Sur sa situation actuelle et la prolongation de la mesure
Sur la consultation du FNAEG et l'absence de diligence de l'administration, les arguments stéréotypés ne s'appuient aucunement sur le dossier ni sur la motivation de l'ordonnance criquée qui a notamment retenu que le consulat avait été saisi le 31 août. Il n'existe donc aucune contestation motivée de cette décision.
Sur la demande d'assignation
En application de l'article L. 743-13 du même code (et quelles que soient les causes ayant fait obstacle au renouvellement du passeport de l'étranger), la demande d'assignation à résidence que formule l'intéressé, en l'absence de remise de son passeport en cours de validité aux autorités compétentes, n'est pas recevable.
En l'absence de toute illégalité susceptible d'affecter les conditions (découlant du droit de l'Union) de légalité de la rétention, et à défaut d'autres moyens présentés en appel, il y a lieu de constater que la déclaration d'appel ne peut être considérée comme recevable.
PAR CES MOTIFS
DÉCLARONS l'appel irrecevable,
ORDONNONS la remise immédiate au procureur général d'une expédition de la présente ordonnance.
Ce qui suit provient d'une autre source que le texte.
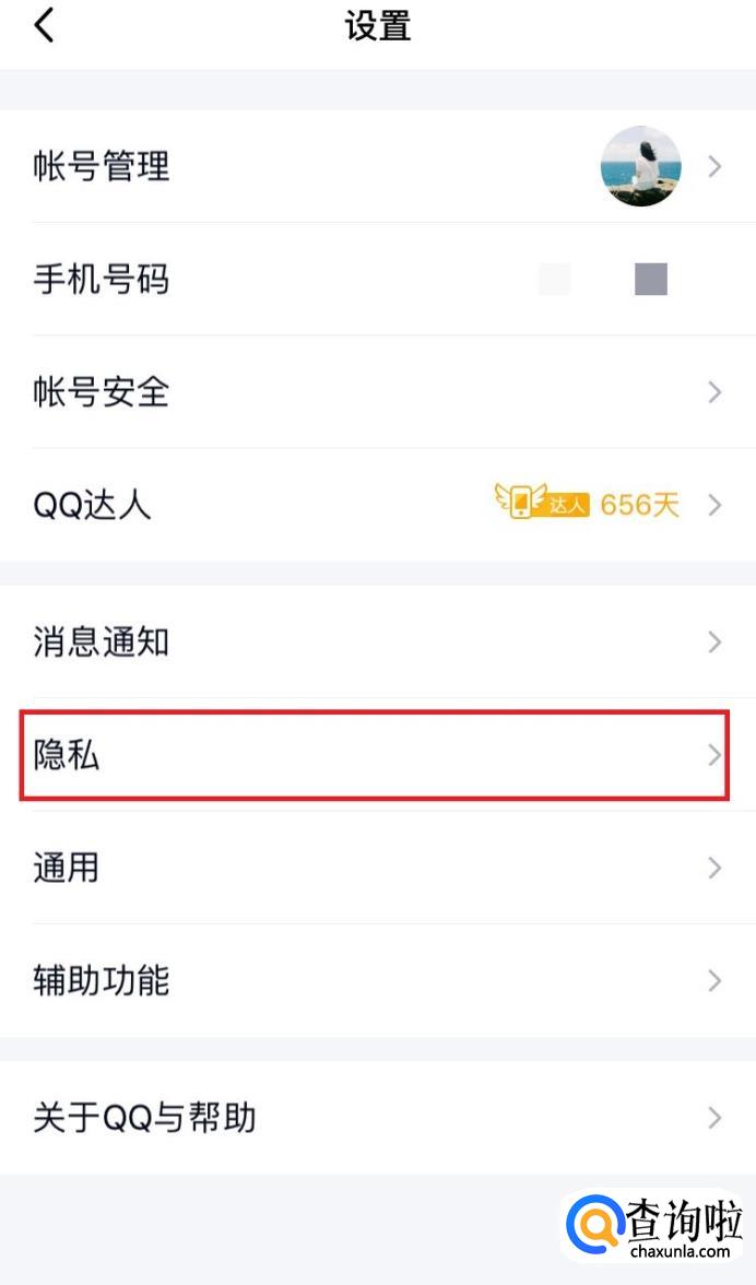 在“隐私”页面中找到“好友动态权限设置”,如下图所示。

Fait à Paris le 09 septembre 2023 à 12h02
LE GREFFIER, LE PRÉSIDENT,
REÇU NOTIFICATION DE L'ORDONNANCE ET DE L'EXERCICE DES VOIES DE RECOURS :
Pour information :
L'ordonnance n'est pas susceptible d'opposition.
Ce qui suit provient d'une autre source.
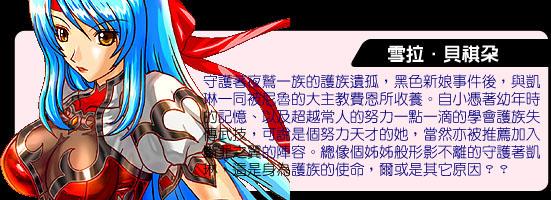 “黑色新娘的悲劇”發(fā)生后,守護魔女亞蒂瑪?shù)摹白o之一族”幸存者。遵循著古老的契約,自凱琳尚年幼之時,便一直守護在她身邊。對年幼即逢喪母之痛的凱琳而言,雪拉就如同自己的親姐姐一般重要。
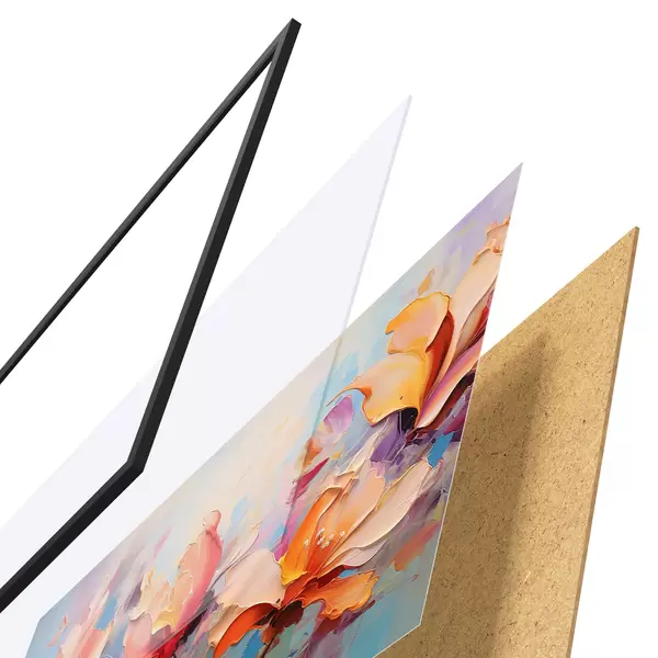 Das Poster besteht aus einem Rahmen, Plexiglas, einem gedruckten Bild und einer Rückwand aus Spanplatten. Dank der Halterungen auf der Rückseite kann das Poster sofort an die Wand gehängt werden.

Le pourvoi en cassation est ouvert à l'étranger, à l'autorité administrative qui a prononcé le maintien en zone d'attente ou la rétention et au ministère public.
Le délai de pourvoi en cassation est de deux mois à compter de la notification.
Le pourvoi est formé par déclaration écrite remise au secrétariat greffe de la Cour de cassation par l'avocat au Conseil d'Etat et à la Cour de cassation constitué par le demandeur.
Notification effectuée aux parties par LRAR ou télécopie et/ou courriel.